►
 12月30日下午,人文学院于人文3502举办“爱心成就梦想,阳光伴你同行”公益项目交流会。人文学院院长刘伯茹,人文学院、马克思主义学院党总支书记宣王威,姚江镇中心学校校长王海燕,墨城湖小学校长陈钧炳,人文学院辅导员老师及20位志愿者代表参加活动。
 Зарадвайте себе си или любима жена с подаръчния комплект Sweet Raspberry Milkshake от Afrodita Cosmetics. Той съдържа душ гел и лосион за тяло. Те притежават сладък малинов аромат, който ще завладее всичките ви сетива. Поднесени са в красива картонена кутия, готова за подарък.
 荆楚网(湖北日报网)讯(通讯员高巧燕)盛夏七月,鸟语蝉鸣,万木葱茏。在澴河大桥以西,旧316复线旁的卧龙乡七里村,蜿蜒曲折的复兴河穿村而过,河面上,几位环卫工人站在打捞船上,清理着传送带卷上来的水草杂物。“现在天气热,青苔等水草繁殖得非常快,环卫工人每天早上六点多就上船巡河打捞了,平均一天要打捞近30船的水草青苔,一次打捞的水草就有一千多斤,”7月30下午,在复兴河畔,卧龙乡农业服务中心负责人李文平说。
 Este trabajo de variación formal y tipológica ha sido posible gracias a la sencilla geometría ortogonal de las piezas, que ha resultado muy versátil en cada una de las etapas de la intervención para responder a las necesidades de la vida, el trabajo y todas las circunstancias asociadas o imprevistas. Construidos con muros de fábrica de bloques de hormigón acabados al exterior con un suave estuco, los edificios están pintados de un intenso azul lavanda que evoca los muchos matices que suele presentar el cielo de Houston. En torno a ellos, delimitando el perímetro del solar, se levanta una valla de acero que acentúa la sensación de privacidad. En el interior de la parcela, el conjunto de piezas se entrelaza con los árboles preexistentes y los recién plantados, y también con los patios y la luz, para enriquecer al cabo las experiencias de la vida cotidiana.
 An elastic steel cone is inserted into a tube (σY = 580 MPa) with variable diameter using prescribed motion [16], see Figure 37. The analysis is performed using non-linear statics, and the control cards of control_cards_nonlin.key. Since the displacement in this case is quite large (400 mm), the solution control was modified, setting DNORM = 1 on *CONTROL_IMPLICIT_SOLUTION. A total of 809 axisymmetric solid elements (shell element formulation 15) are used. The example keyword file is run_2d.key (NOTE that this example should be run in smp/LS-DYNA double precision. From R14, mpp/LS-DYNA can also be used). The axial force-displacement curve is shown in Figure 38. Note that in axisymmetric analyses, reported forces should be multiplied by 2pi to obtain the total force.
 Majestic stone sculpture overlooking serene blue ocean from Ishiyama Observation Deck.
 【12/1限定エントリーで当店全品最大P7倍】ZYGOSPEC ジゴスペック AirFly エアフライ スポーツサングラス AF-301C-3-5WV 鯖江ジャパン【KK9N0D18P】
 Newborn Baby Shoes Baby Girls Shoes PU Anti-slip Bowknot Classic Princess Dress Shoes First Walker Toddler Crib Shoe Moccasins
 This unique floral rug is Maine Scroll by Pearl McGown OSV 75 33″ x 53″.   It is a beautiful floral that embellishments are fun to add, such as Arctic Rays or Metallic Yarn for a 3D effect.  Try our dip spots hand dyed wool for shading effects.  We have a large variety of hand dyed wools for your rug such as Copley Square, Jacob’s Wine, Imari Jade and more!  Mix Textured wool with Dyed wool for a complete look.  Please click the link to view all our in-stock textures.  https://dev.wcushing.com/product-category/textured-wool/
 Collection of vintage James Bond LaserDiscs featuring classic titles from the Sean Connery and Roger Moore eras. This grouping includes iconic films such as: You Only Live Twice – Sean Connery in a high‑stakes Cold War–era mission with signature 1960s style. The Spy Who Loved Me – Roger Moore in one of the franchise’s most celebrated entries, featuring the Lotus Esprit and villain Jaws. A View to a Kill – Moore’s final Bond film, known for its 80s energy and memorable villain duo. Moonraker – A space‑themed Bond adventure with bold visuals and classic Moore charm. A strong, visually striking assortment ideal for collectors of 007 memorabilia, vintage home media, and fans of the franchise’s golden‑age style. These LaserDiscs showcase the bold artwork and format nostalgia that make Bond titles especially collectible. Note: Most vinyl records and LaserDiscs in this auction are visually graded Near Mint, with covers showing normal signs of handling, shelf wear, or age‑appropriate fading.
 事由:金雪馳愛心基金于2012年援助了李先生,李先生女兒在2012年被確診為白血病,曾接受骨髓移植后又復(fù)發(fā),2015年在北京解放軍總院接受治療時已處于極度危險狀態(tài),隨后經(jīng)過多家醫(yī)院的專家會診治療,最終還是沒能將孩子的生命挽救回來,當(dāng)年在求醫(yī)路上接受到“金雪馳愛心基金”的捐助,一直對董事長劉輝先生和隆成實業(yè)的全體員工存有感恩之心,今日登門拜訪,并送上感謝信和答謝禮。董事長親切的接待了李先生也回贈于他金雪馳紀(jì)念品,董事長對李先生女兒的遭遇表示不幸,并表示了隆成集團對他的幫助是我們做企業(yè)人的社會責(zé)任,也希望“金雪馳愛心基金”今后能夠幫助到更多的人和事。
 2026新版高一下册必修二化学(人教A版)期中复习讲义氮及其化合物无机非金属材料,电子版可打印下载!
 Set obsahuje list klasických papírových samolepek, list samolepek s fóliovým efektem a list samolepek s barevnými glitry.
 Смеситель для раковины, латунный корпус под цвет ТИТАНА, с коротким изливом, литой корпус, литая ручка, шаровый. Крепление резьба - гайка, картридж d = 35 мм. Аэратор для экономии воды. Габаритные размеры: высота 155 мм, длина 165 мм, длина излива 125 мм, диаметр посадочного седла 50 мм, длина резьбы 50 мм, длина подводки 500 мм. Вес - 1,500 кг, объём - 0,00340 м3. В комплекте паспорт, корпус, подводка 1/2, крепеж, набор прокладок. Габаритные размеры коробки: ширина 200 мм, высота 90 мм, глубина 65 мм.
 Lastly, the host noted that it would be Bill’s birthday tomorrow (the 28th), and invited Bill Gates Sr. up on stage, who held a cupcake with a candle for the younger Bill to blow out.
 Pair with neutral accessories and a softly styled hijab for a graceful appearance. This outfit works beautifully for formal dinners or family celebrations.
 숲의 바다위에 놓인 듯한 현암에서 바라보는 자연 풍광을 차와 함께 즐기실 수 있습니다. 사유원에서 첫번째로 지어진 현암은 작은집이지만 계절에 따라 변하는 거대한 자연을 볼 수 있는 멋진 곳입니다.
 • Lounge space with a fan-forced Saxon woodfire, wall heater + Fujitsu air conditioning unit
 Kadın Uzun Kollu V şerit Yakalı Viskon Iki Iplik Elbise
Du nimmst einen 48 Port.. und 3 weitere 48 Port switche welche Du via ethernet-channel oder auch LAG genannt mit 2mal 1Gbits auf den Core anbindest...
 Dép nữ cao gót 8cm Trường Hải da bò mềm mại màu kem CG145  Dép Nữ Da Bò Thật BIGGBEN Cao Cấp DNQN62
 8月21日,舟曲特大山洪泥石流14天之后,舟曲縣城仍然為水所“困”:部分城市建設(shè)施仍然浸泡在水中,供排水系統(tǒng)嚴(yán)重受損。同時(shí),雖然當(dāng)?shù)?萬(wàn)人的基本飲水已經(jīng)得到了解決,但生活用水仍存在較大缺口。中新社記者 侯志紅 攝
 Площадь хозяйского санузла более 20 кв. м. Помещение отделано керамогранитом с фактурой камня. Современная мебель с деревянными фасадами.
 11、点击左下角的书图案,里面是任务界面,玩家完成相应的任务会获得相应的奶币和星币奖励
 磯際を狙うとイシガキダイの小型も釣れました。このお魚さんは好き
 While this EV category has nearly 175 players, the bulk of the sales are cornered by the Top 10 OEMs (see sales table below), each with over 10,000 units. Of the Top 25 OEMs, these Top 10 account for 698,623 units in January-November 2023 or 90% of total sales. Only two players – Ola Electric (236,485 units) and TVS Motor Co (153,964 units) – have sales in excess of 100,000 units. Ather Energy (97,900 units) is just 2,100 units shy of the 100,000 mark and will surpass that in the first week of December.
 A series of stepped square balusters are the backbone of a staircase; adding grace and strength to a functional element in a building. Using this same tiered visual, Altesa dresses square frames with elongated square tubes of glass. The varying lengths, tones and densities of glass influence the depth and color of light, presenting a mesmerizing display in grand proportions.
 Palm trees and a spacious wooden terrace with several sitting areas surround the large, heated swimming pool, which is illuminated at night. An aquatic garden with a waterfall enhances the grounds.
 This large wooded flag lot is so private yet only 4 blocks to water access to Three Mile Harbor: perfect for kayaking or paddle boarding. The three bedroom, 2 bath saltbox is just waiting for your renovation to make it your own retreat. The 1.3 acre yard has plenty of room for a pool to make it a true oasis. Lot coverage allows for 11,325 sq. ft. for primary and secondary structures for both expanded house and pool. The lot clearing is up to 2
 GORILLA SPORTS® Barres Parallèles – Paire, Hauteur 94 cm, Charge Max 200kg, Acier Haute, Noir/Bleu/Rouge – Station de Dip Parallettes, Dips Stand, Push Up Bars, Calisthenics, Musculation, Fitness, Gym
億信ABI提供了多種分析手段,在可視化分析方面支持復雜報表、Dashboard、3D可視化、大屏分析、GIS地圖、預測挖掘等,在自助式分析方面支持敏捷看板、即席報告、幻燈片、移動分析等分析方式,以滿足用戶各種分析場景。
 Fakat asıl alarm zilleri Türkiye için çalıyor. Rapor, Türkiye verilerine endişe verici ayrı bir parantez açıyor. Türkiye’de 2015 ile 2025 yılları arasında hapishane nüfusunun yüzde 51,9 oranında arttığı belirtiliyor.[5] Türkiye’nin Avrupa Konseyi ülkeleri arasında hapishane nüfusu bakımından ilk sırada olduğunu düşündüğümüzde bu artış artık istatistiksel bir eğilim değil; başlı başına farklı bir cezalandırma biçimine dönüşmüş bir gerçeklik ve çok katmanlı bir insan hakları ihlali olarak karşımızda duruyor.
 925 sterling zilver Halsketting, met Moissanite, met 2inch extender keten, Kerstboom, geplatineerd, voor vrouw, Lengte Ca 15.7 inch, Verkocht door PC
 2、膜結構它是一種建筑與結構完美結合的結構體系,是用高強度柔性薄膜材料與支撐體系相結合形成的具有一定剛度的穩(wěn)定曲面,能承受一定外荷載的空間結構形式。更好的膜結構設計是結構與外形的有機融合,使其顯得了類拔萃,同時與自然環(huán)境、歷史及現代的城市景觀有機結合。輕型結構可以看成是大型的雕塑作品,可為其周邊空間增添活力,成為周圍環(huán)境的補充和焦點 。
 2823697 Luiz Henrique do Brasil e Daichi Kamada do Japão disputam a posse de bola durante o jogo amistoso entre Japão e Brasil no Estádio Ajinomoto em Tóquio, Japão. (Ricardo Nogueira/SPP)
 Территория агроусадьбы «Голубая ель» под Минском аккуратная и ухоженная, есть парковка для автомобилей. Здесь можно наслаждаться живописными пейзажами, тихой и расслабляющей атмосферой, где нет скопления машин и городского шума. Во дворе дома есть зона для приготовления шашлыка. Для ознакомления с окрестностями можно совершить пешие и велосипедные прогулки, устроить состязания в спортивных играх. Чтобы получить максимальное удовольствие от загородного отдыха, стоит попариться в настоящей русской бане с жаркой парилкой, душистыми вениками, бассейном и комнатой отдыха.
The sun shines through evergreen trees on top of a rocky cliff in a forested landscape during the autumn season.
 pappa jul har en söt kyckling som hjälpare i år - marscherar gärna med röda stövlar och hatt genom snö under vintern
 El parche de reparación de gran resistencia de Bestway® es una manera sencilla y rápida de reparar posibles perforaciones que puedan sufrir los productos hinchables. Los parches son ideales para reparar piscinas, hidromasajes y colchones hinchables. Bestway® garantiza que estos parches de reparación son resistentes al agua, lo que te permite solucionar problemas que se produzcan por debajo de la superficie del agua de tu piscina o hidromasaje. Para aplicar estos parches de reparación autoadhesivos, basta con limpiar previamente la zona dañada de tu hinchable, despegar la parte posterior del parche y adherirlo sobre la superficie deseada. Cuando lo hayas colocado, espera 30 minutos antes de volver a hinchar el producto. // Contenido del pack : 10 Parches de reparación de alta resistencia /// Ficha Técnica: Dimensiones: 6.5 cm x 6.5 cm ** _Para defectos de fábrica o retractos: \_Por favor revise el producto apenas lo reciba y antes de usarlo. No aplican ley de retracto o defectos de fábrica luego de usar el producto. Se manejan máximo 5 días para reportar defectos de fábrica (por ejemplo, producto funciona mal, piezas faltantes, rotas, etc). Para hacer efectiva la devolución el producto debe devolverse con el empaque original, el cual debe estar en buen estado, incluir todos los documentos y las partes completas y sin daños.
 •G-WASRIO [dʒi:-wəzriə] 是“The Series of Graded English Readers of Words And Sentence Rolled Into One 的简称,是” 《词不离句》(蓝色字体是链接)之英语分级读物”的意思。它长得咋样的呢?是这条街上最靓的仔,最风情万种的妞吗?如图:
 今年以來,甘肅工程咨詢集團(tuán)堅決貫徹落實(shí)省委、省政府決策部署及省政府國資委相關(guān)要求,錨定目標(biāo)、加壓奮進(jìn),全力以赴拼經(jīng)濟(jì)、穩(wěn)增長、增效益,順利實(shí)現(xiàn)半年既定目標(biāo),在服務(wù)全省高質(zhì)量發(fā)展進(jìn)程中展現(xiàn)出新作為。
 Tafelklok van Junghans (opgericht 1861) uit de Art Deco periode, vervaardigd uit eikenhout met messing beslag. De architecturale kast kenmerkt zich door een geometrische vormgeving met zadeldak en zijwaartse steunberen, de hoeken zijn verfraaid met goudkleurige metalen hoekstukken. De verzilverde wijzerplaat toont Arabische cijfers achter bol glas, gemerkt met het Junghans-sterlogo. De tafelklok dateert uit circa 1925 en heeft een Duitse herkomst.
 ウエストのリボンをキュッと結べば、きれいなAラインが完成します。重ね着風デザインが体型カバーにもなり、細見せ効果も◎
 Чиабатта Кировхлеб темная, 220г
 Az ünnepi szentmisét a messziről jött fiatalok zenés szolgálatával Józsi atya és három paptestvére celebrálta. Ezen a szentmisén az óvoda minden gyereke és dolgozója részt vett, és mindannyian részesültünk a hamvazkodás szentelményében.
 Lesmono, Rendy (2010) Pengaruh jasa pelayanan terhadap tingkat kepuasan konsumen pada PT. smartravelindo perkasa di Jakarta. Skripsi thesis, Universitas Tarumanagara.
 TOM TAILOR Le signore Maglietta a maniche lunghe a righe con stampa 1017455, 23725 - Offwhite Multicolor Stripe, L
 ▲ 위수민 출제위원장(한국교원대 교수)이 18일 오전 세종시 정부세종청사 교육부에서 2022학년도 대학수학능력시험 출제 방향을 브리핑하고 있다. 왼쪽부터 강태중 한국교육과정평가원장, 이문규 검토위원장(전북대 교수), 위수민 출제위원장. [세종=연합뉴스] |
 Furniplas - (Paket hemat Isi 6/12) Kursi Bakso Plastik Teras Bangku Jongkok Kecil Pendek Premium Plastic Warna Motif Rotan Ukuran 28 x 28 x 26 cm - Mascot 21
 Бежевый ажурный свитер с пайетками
◄
**How to complete this task**
From the records above, print exactly the lines that run from the line with "今年以來,甘肅工程咨詢集團(tuán)堅" to the line with "출제위원장. [세종=연합뉴스] |", inclusive.

**Answer section**
 今年以來,甘肅工程咨詢集團(tuán)堅決貫徹落實(shí)省委、省政府決策部署及省政府國資委相關(guān)要求,錨定目標(biāo)、加壓奮進(jìn),全力以赴拼經(jīng)濟(jì)、穩(wěn)增長、增效益,順利實(shí)現(xiàn)半年既定目標(biāo),在服務(wù)全省高質(zhì)量發(fā)展進(jìn)程中展現(xiàn)出新作為。
 Tafelklok van Junghans (opgericht 1861) uit de Art Deco periode, vervaardigd uit eikenhout met messing beslag. De architecturale kast kenmerkt zich door een geometrische vormgeving met zadeldak en zijwaartse steunberen, de hoeken zijn verfraaid met goudkleurige metalen hoekstukken. De verzilverde wijzerplaat toont Arabische cijfers achter bol glas, gemerkt met het Junghans-sterlogo. De tafelklok dateert uit circa 1925 en heeft een Duitse herkomst.
 ウエストのリボンをキュッと結べば、きれいなAラインが完成します。重ね着風デザインが体型カバーにもなり、細見せ効果も◎
 Чиабатта Кировхлеб темная, 220г
 Az ünnepi szentmisét a messziről jött fiatalok zenés szolgálatával Józsi atya és három paptestvére celebrálta. Ezen a szentmisén az óvoda minden gyereke és dolgozója részt vett, és mindannyian részesültünk a hamvazkodás szentelményében.
 Lesmono, Rendy (2010) Pengaruh jasa pelayanan terhadap tingkat kepuasan konsumen pada PT. smartravelindo perkasa di Jakarta. Skripsi thesis, Universitas Tarumanagara.
 TOM TAILOR Le signore Maglietta a maniche lunghe a righe con stampa 1017455, 23725 - Offwhite Multicolor Stripe, L
 ▲ 위수민 출제위원장(한국교원대 교수)이 18일 오전 세종시 정부세종청사 교육부에서 2022학년도 대학수학능력시험 출제 방향을 브리핑하고 있다. 왼쪽부터 강태중 한국교육과정평가원장, 이문규 검토위원장(전북대 교수), 위수민 출제위원장. [세종=연합뉴스] |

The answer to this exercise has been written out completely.